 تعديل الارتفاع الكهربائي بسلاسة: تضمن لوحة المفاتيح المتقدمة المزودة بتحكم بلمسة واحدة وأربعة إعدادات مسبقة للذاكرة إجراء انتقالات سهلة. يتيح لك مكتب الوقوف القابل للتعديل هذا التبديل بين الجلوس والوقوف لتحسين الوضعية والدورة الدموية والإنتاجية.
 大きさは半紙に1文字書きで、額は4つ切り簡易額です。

---

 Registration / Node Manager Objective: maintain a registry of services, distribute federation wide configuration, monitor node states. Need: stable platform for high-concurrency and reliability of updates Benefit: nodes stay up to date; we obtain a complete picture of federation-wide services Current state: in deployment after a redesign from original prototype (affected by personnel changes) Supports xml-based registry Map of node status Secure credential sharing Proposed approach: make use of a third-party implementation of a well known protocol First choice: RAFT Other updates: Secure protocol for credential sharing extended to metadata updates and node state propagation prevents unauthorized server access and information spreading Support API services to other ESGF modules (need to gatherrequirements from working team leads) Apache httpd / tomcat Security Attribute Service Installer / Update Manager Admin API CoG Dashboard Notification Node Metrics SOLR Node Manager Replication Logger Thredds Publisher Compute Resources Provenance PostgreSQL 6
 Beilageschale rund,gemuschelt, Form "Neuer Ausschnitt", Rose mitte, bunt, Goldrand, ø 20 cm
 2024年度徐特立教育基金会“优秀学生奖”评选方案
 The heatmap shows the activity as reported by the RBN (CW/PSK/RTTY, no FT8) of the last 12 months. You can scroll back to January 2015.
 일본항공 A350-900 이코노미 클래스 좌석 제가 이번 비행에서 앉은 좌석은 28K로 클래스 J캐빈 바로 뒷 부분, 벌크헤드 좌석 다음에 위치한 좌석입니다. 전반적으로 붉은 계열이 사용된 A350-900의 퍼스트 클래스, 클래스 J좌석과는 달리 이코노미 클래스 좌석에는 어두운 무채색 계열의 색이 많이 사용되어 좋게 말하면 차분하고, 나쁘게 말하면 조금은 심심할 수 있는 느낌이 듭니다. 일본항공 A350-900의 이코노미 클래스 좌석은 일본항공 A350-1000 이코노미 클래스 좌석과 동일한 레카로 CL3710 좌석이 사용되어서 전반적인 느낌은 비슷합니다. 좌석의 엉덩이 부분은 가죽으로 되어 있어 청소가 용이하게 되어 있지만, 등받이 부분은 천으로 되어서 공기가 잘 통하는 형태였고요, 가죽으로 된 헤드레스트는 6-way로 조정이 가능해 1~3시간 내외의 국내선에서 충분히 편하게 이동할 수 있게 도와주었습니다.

---

Your instructions:
Could you reproduce, exactly, every line above from the line with "تعديل الارتفاع الكهربائي" to the line with "大きさは半紙に1文字書きで、額は4つ切り簡易額です。", and no other line? Both ends count.

Reply to the task:
 تعديل الارتفاع الكهربائي بسلاسة: تضمن لوحة المفاتيح المتقدمة المزودة بتحكم بلمسة واحدة وأربعة إعدادات مسبقة للذاكرة إجراء انتقالات سهلة. يتيح لك مكتب الوقوف القابل للتعديل هذا التبديل بين الجلوس والوقوف لتحسين الوضعية والدورة الدموية والإنتاجية.
 大きさは半紙に1文字書きで、額は4つ切り簡易額です。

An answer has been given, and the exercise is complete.